Memory Hierarchy
Registers, shared memory, and global memory
The Memory Wall
GPUs contain thousands of cores capable of performing trillions of arithmetic operations per second. Yet most GPU programs spend the majority of their time waiting—not computing, but fetching data.
This is the memory wall: the growing gap between how fast we can compute and how fast we can move data. A modern GPU can execute hundreds of floating-point operations in the time it takes to load a single value from global memory. If your threads constantly read from slow memory, all that compute power sits idle.
The GPU architects' solution is a memory hierarchy—layers of memory with different sizes, speeds, and scopes. Understanding this hierarchy is the difference between writing code that crawls and code that flies.
Interactive: Memory Latency Comparison
Scale matters: A global memory read takes 400× longer than a register access. During that wait, the GPU could perform hundreds of arithmetic operations.
The numbers are stark. Reading from a register is essentially free—one cycle. Reading from shared memory costs around 10-20 cycles. Reading from global memory? Hundreds of cycles, sometimes over 400. Every algorithm design decision should account for these ratios.
Registers: The Fastest Memory
At the top of the hierarchy sit registers—the fastest memory available to a GPU thread. Each thread has its own private set of registers, invisible to all other threads. When you declare a local variable in your shader, it lives in a register.
@compute @workgroup_size(64)
fn main(@builtin(local_invocation_id) local_id: vec3<u32>) {
// These live in registers - extremely fast
var sum: f32 = 0.0;
var temp: f32;
// Register access costs ~1 cycle
temp = f32(local_id.x) * 2.0;
sum = sum + temp;
}Registers have two critical properties. First, they are private. No other thread can see or modify your registers. This makes them ideal for intermediate calculations that do not need to be shared. Second, they are limited. Each thread gets only so many registers, and using too many forces the compiler to "spill" values to slower memory.
The challenge is that you cannot directly control register allocation. The compiler decides which variables go into registers based on usage patterns. What you can control is keeping your computations local—the more intermediate values you compute and consume without storing them elsewhere, the more the compiler can keep them in registers.
Shared Memory: Workgroup Cooperation
Threads within a workgroup often need to exchange data. Passing through global memory would be painfully slow.
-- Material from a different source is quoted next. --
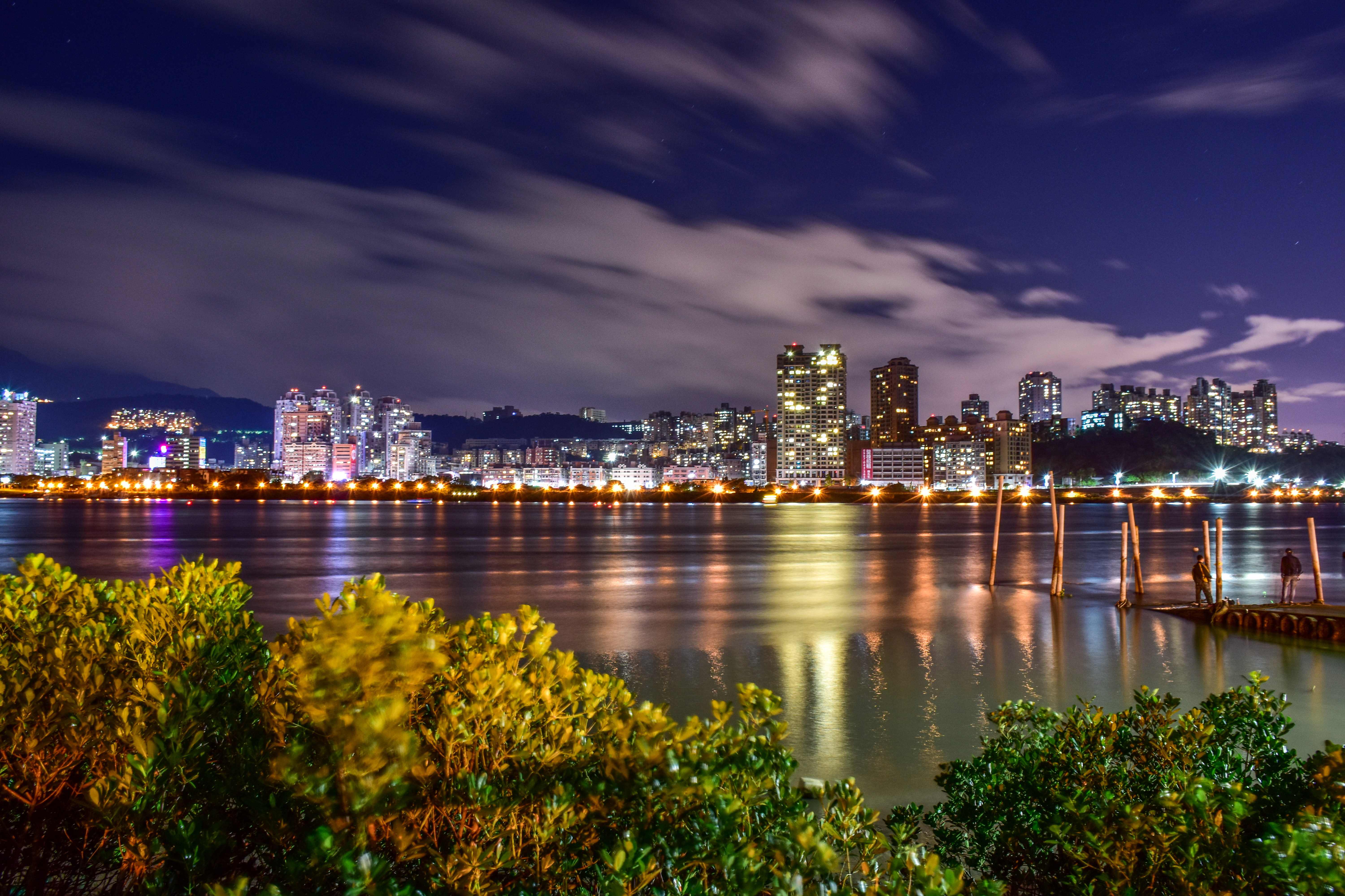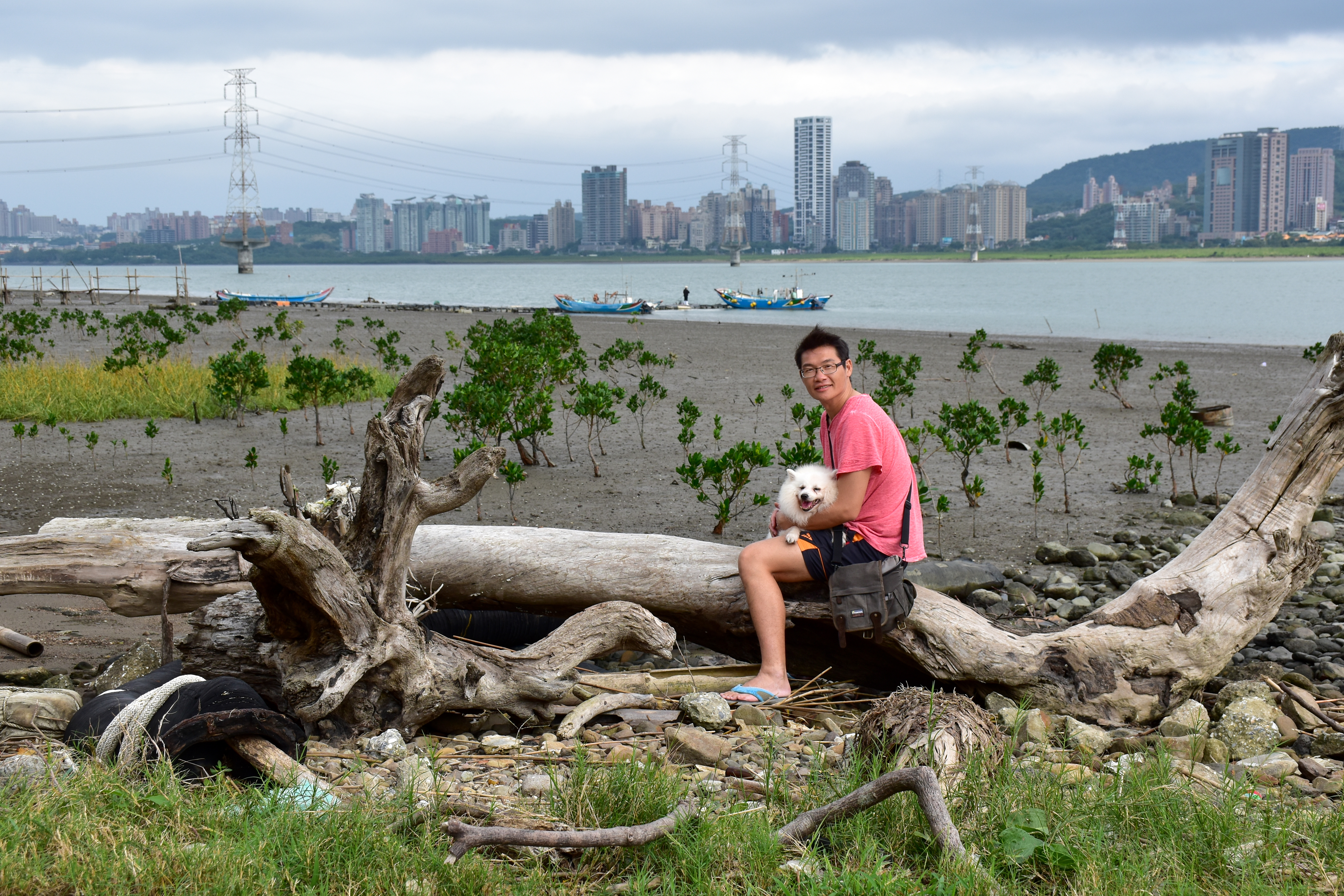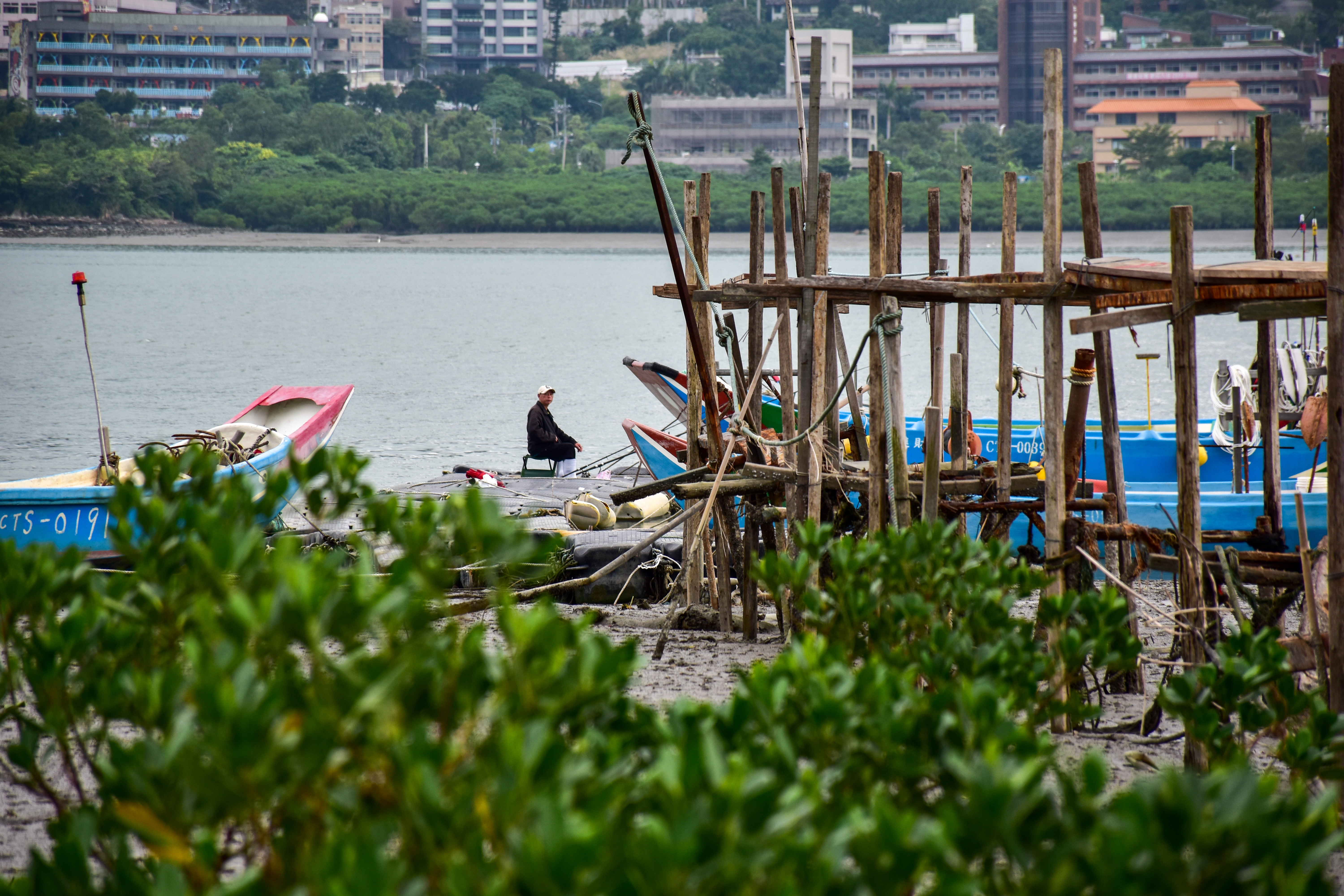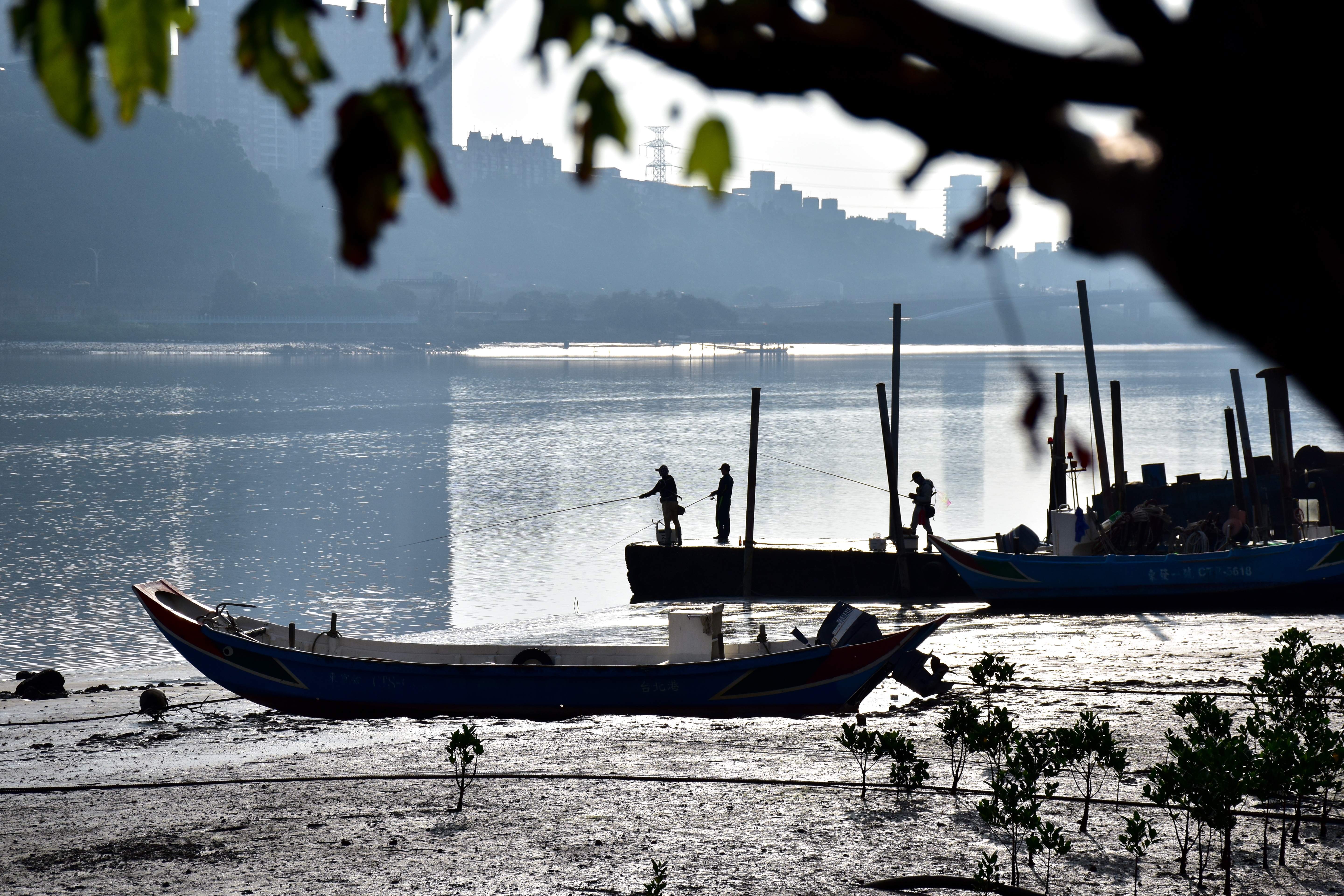 來到淡水河畔,從八里拍攝對岸的淡水,以水筆仔為前景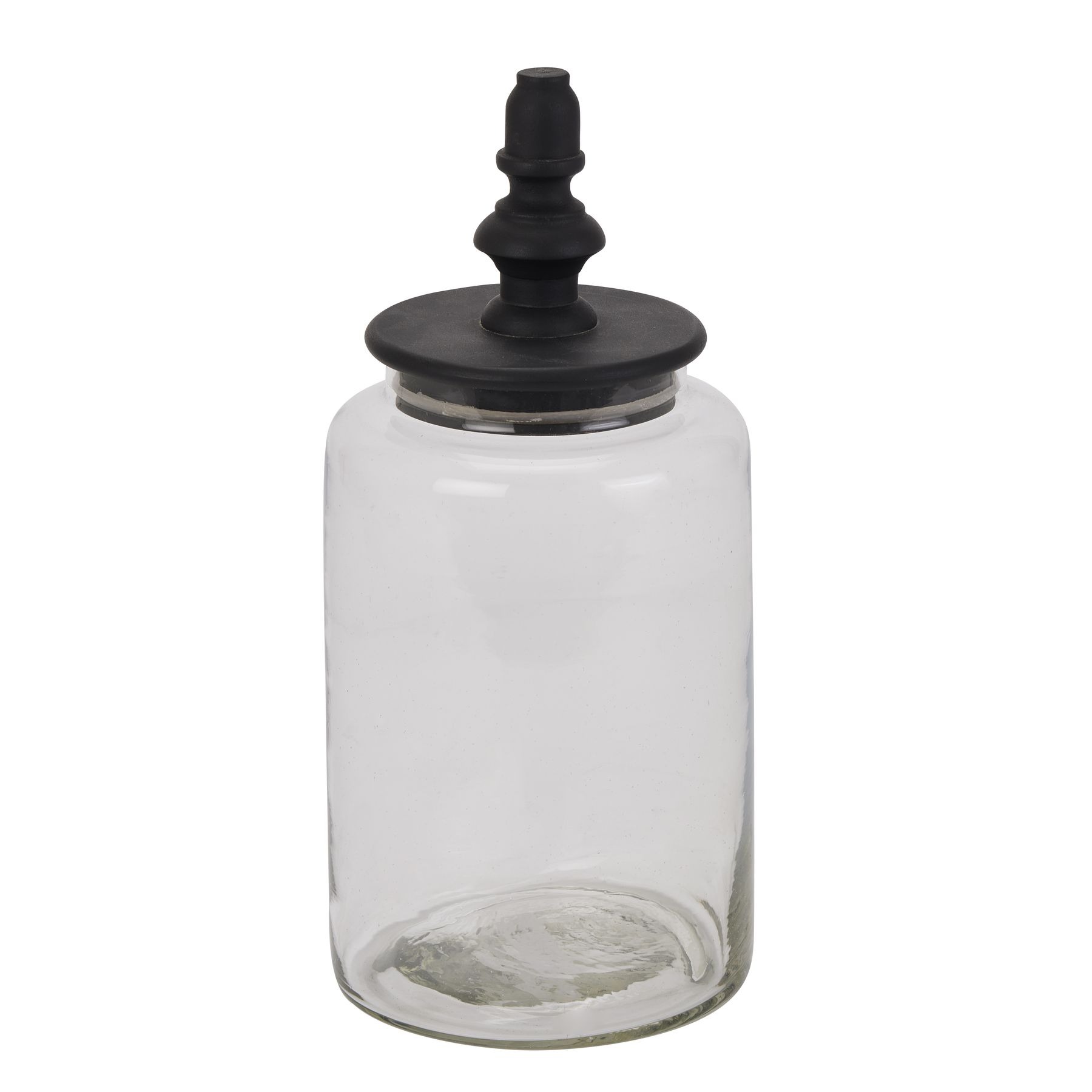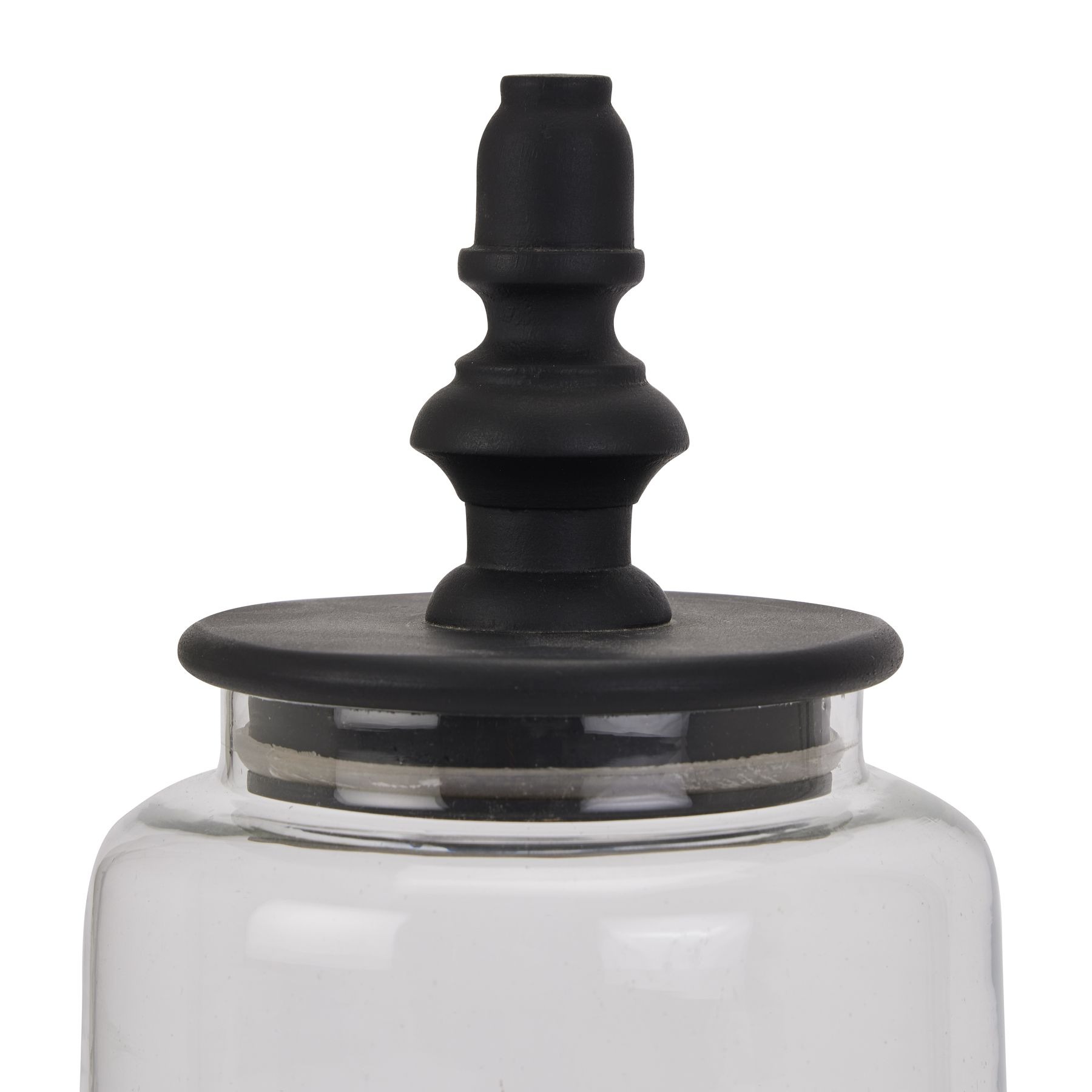 Introducing our stylish black finial topped canister, the perfect finishing touch to any sideboard or shelfie. This canister is designed to elevate your home decor with its sleek and modern design. The handcrafted wooden finial topped lid adds a touch of elegance and sophistication to the overall look of the canister.

Instead, GPUs provide shared memory (called workgroup memory in WebGPU/WGSL)—a small, fast memory space visible to all threads in the same workgroup.
var<workgroup> shared_data: array<f32, 256>;
@compute @workgroup_size(256)
fn main(@builtin(local_invocation_id) local_id: vec3<u32>) {
let idx = local_id.x;
// Write to shared memory
shared_data[idx] = compute_something(idx);
// Synchronize - ensure all threads have written
workgroupBarrier();
// Now safely read neighbors' values
let left = shared_data[(idx + 255) % 256];
let right = shared_data[(idx + 1) % 256];
}Shared memory access costs roughly 10-20 cycles—an order of magnitude slower than registers, but an order of magnitude faster than global memory. This makes it invaluable for algorithms that need threads to cooperate.
The classic pattern is tile loading: instead of each thread reading from global memory independently, the workgroup collaborates to load a tile of data into shared memory, synchronizes, then processes that tile. Each global memory location is read once, not dozens of times.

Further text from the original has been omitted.